*Exercise*: The reply should contain every entry below exactly as written, with no images.
***
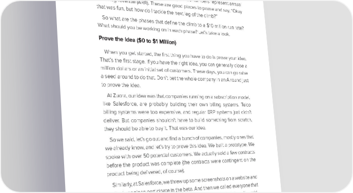 And the things that made it successful in the last stage, may actually hold it back from succeeding in the next one. You have to throw out the rules, bring out a clean sheet of paper, and redesign the company. After working with many companies, I’ve found it useful to use the ones and threes to mark off the stages of growth: $1 million, $3 million, $10 million, and so on. For a SaaS company, these numbers represent annual recurring revenue (ARR). These are good places to pause and say, “Okay that was fun, but how do I tackle the next leg of the climb?” So what are the phases that define the climb to a $10 million run rate? What should you be working on in each phase? Let’s take a look. Prove the Idea ($0 to $1 Million) When you get started, the first thing you have to do is prove your idea. That’s the first stage. If you have the right idea, you can generally close a million dollars or an initial set of customers. These days, you can go raise a seed around to do that. Don’t bet the whole company in an A round just to prove the idea. At Zuora, our idea was that companies running on a subscription model, like Salesforce, are probably building their own billing systems. Telco billing systems were too expensive, and regular ERP systems just didn’t deliver. But companies shouldn’t have to build something from scratch, they should be able to buy it. That was our idea. So we said, let’s go out and find a bunch of companies, mostly ones that we already know, and let’s try to prove this idea. We built a prototype. We spoke with over 50 potential customers. We actually sold a few contracts before the product was complete (the contracts were contingent on the product being delivered, of course). Similarly, at Salesforce, we threw up some screenshots on a website and invited people to participate in the beta. And then we called everyone that was interested, showed them the demo, and asked what they thought. We had 200 customers lined up when we launched in February 2000. You can sell an idea before you have a real, fully formed product. And you should. But by the time you start closing in on $1 million ARR, the idea should be proven.
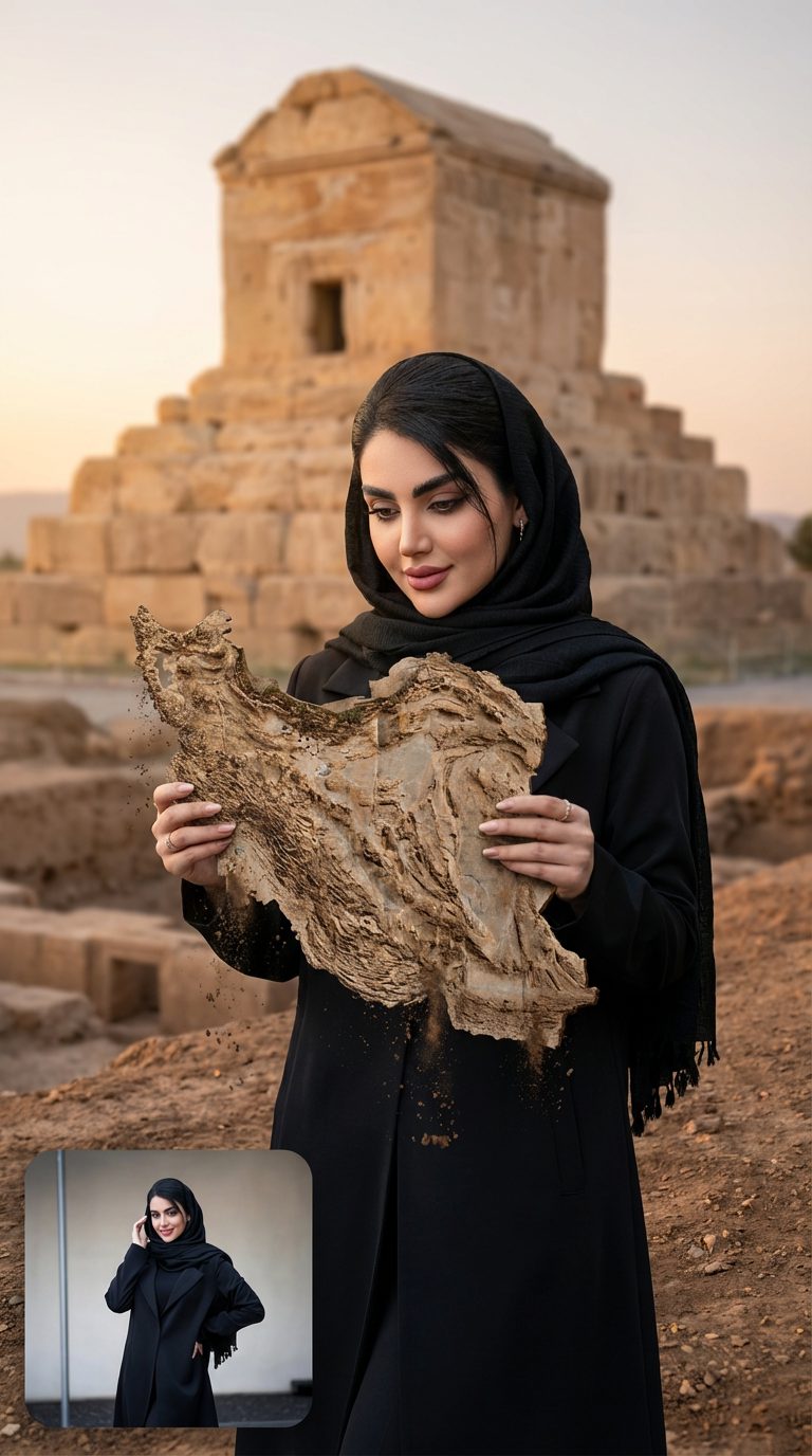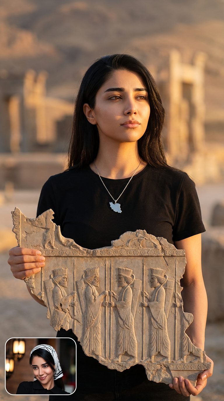 Ancient Iranian monuments such as the ruins of Persepolis and stone columns naturally emerge from the map. A calm and emotional mood that conveys love and pride. Soft natural studio lighting, warm cinematic tones, shallow depth of field, ultra-realistic skin textures, 4K quality, 9:16 vertical aspect ratio, cinematic composition, high realism.
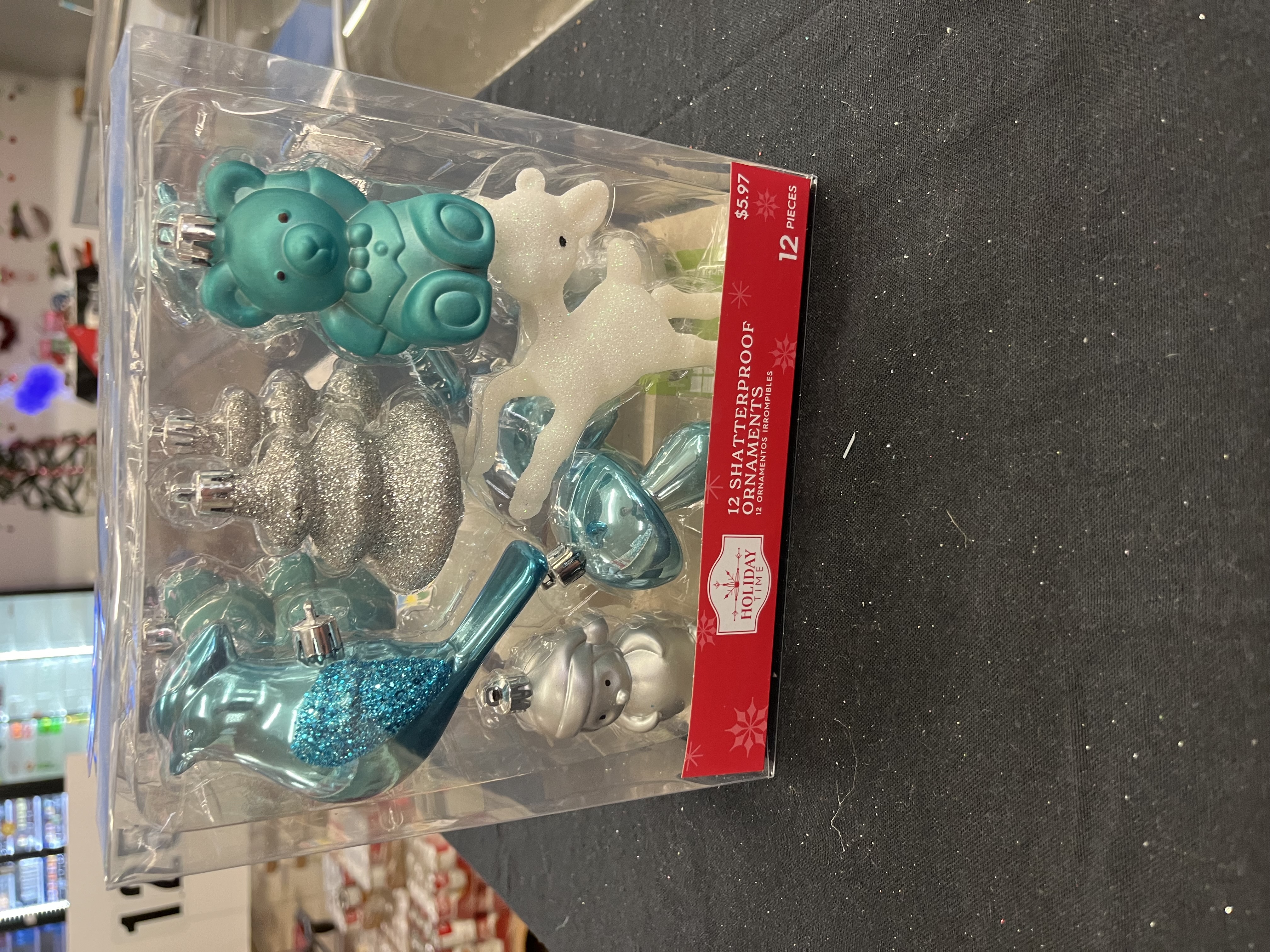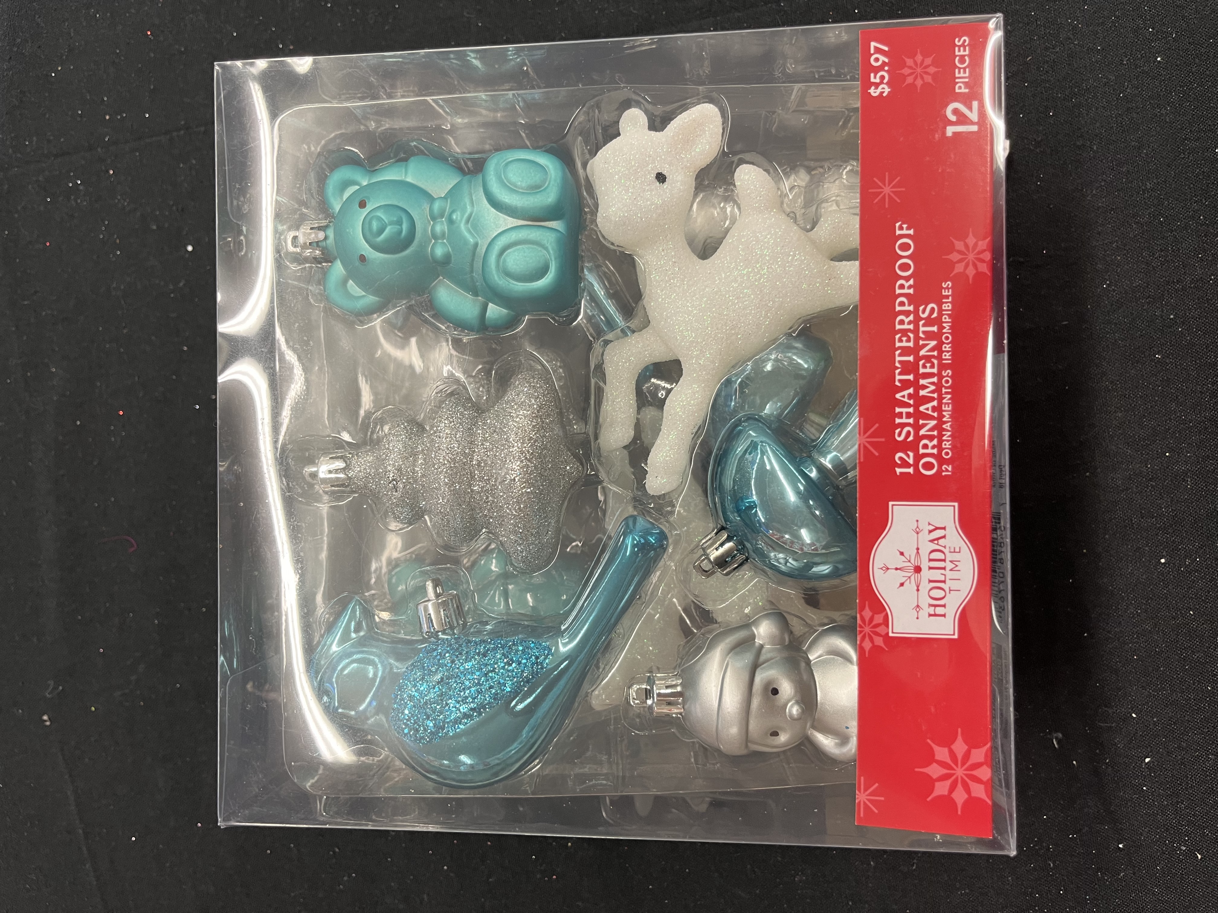 Add a decorative flair to your Christmas tree with the Holiday Time Turquoise, Silver, and White Winter Icon Shatterproof Christmas Ornaments. This set of ornaments will add sparkle and color to your Christmas tree in festive shades of the season. These icon-shaped Christmas ornaments come in turquoise, silver, and white with different finishes. Each set contains a mix of fun seasonal icons like deer, trees, teddy bears, birds, and more with a gold top. The ornaments are shatterproof to help make decorating safe and fun for the whole family and include a loop for easy hanging. Be sure to check out all the joyful Christmas decorations from Holiday Time like inflatable characters, twinkling lights, colorful wreaths, and more. Go all out this season when you decorate with the Holiday Time Turquoise, Silver, and White Winter Icon Shatterproof Christmas Ornaments.
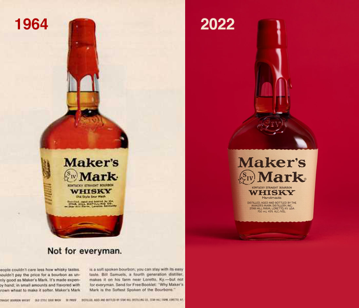 그리고 "모든 사람들을 위한 것이 아닙니다."라는 1964년의 광고. 1960년대의 병 디자인을 지금까지 동일하게 유지하고 있다는 것은 매우 흥미롭다. 아마 위스키 브랜드 전체를 통틀어 초기 병 디자인을 동일하게 유지하고 있는 브랜드는 몇 안 될 거라 생각한다. 그건 처음 병 디자인의 퀄리티가 매우 높다는 반증이다. 퀄리티가 높기 때문에 그 형태를 계속 유지할 수 있는 이유라 생각한다. 그리고 약 60년 동안 동일한 메이커스 마크가 없었다는 뜻이기도 하다. 멋지지 않은가! 혹시라도 다 마신 병을 버리려 하는가? 그렇다면 잠시 생각을 해보길 바란다. 당신이 가지고 있는 빈병은 60년 동안 유일한 하나뿐인 메이커스 마크 병이다. 그 이유는 아래 디자인 헤리티지 부분을 참고하길 바란다. 그 후 흘러내리는 붉은 밀봉을 시그니처로 현대까지 브랜딩을 전개하고 있다.
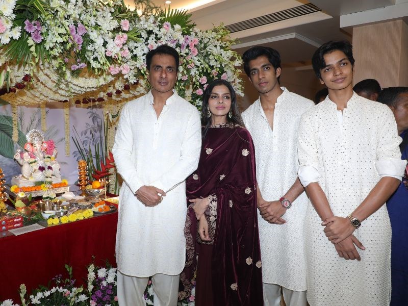 Sonu Sood Snapped Celebrating Ganapati Chaturthi At His Home
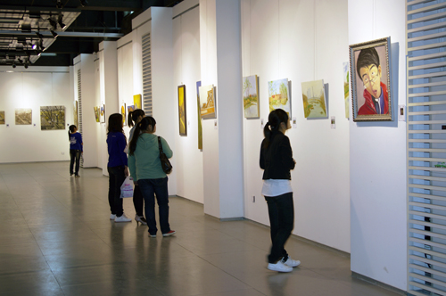 2011年4月18日,《在路上》油画作品展在美术学院美术馆拉开帷幕。此次展出作品由08级油画方向的学生白浩、苗锡波、黄华影、潘海、陈剑义、王辉六人创作完成。 本次展览共展出一百余幅的作品,这些作品的内容包括风景、人物、静物三大类,无论是大河风光还是城市建筑工人,其创作素材均来自于平时生活场景。每幅作品都流露出他们对生活的细心观察与深刻体会。在技法上他们不断努力钻研和实践,并在老师的悉心指导下不断取得进步。 “业精于勤”,本次展览不仅体现了08级油画方向同学的勤勉与认真,也体现了美术学院学生求学务实的态度。此外也给学院师生建立了一个交流学习的平台。(文/窦冰 图/车帅)
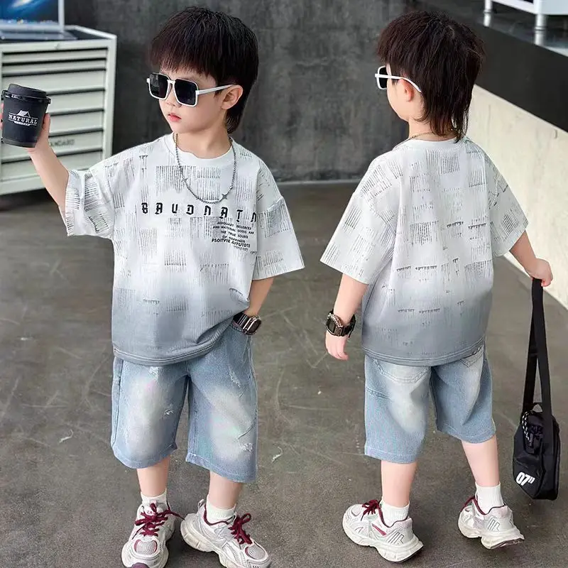 2026 Boy's Clothes Set for Summer Letter Print Shirt Patched Denim Shorts 2 Pcs Sets
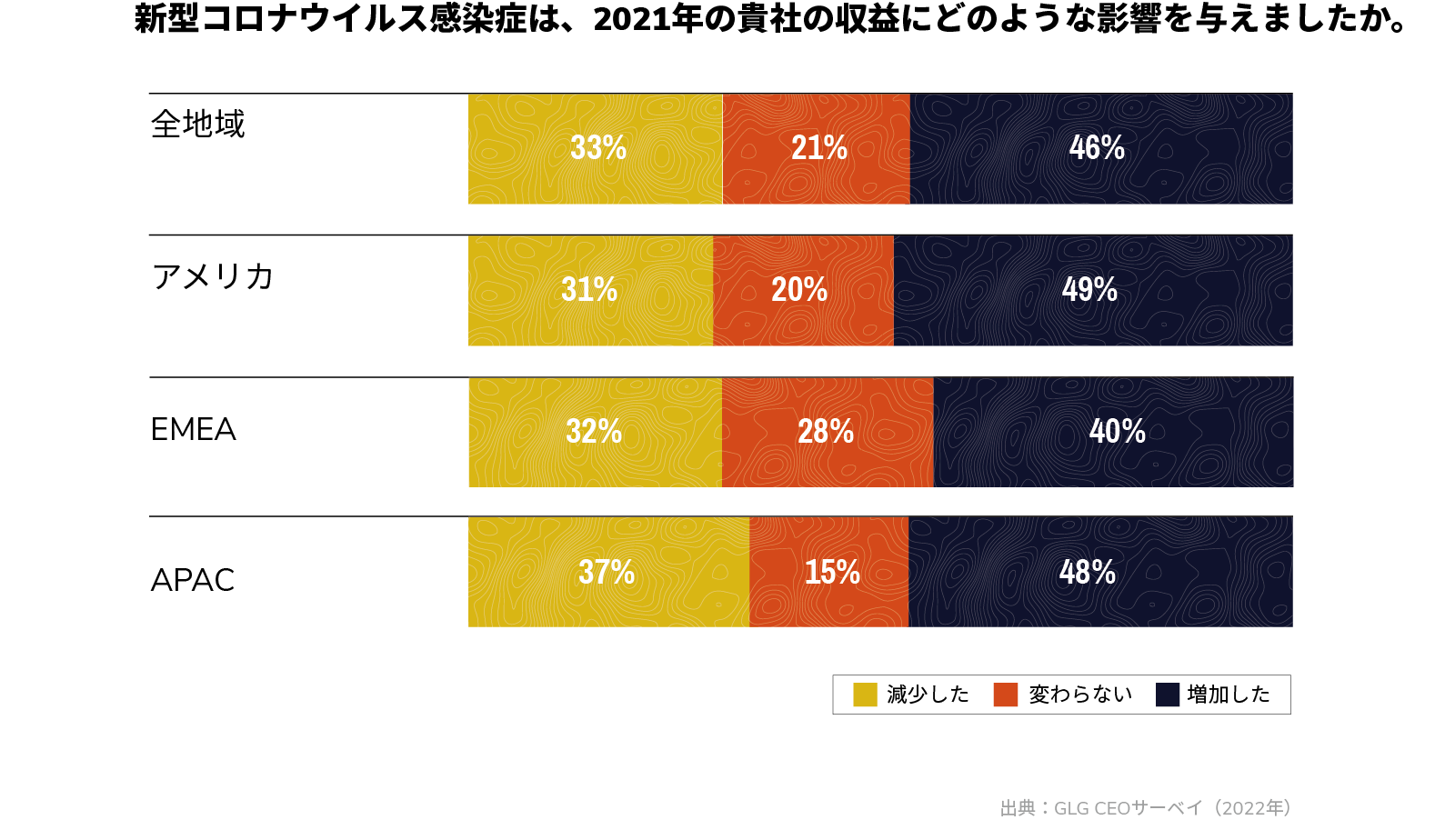 世界各国の471人のCEOに2021年の収益状況を尋ねたところ、46%が「増加した」、21%が「変わらない」、33%が「減少した」と回答しました。
***
*Response to this exercise*:
 And the things that made it successful in the last stage, may actually hold it back from succeeding in the next one. You have to throw out the rules, bring out a clean sheet of paper, and redesign the company. After working with many companies, I’ve found it useful to use the ones and threes to mark off the stages of growth: $1 million, $3 million, $10 million, and so on. For a SaaS company, these numbers represent annual recurring revenue (ARR). These are good places to pause and say, “Okay that was fun, but how do I tackle the next leg of the climb?” So what are the phases that define the climb to a $10 million run rate? What should you be working on in each phase? Let’s take a look. Prove the Idea ($0 to $1 Million) When you get started, the first thing you have to do is prove your idea. That’s the first stage. If you have the right idea, you can generally close a million dollars or an initial set of customers. These days, you can go raise a seed around to do that. Don’t bet the whole company in an A round just to prove the idea. At Zuora, our idea was that companies running on a subscription model, like Salesforce, are probably building their own billing systems. Telco billing systems were too expensive, and regular ERP systems just didn’t deliver. But companies shouldn’t have to build something from scratch, they should be able to buy it. That was our idea. So we said, let’s go out and find a bunch of companies, mostly ones that we already know, and let’s try to prove this idea. We built a prototype. We spoke with over 50 potential customers. We actually sold a few contracts before the product was complete (the contracts were contingent on the product being delivered, of course). Similarly, at Salesforce, we threw up some screenshots on a website and invited people to participate in the beta. And then we called everyone that was interested, showed them the demo, and asked what they thought. We had 200 customers lined up when we launched in February 2000. You can sell an idea before you have a real, fully formed product. And you should. But by the time you start closing in on $1 million ARR, the idea should be proven.
 Ancient Iranian monuments such as the ruins of Persepolis and stone columns naturally emerge from the map. A calm and emotional mood that conveys love and pride. Soft natural studio lighting, warm cinematic tones, shallow depth of field, ultra-realistic skin textures, 4K quality, 9:16 vertical aspect ratio, cinematic composition, high realism.
 Add a decorative flair to your Christmas tree with the Holiday Time Turquoise, Silver, and White Winter Icon Shatterproof Christmas Ornaments. This set of ornaments will add sparkle and color to your Christmas tree in festive shades of the season. These icon-shaped Christmas ornaments come in turquoise, silver, and white with different finishes. Each set contains a mix of fun seasonal icons like deer, trees, teddy bears, birds, and more with a gold top. The ornaments are shatterproof to help make decorating safe and fun for the whole family and include a loop for easy hanging. Be sure to check out all the joyful Christmas decorations from Holiday Time like inflatable characters, twinkling lights, colorful wreaths, and more. Go all out this season when you decorate with the Holiday Time Turquoise, Silver, and White Winter Icon Shatterproof Christmas Ornaments.
 그리고 "모든 사람들을 위한 것이 아닙니다."라는 1964년의 광고. 1960년대의 병 디자인을 지금까지 동일하게 유지하고 있다는 것은 매우 흥미롭다. 아마 위스키 브랜드 전체를 통틀어 초기 병 디자인을 동일하게 유지하고 있는 브랜드는 몇 안 될 거라 생각한다. 그건 처음 병 디자인의 퀄리티가 매우 높다는 반증이다. 퀄리티가 높기 때문에 그 형태를 계속 유지할 수 있는 이유라 생각한다. 그리고 약 60년 동안 동일한 메이커스 마크가 없었다는 뜻이기도 하다. 멋지지 않은가! 혹시라도 다 마신 병을 버리려 하는가? 그렇다면 잠시 생각을 해보길 바란다. 당신이 가지고 있는 빈병은 60년 동안 유일한 하나뿐인 메이커스 마크 병이다. 그 이유는 아래 디자인 헤리티지 부분을 참고하길 바란다. 그 후 흘러내리는 붉은 밀봉을 시그니처로 현대까지 브랜딩을 전개하고 있다.
 Sonu Sood Snapped Celebrating Ganapati Chaturthi At His Home
 2011年4月18日,《在路上》油画作品展在美术学院美术馆拉开帷幕。此次展出作品由08级油画方向的学生白浩、苗锡波、黄华影、潘海、陈剑义、王辉六人创作完成。 本次展览共展出一百余幅的作品,这些作品的内容包括风景、人物、静物三大类,无论是大河风光还是城市建筑工人,其创作素材均来自于平时生活场景。每幅作品都流露出他们对生活的细心观察与深刻体会。在技法上他们不断努力钻研和实践,并在老师的悉心指导下不断取得进步。 “业精于勤”,本次展览不仅体现了08级油画方向同学的勤勉与认真,也体现了美术学院学生求学务实的态度。此外也给学院师生建立了一个交流学习的平台。(文/窦冰 图/车帅)
 2026 Boy's Clothes Set for Summer Letter Print Shirt Patched Denim Shorts 2 Pcs Sets
 世界各国の471人のCEOに2021年の収益状況を尋ねたところ、46%が「増加した」、21%が「変わらない」、33%が「減少した」と回答しました。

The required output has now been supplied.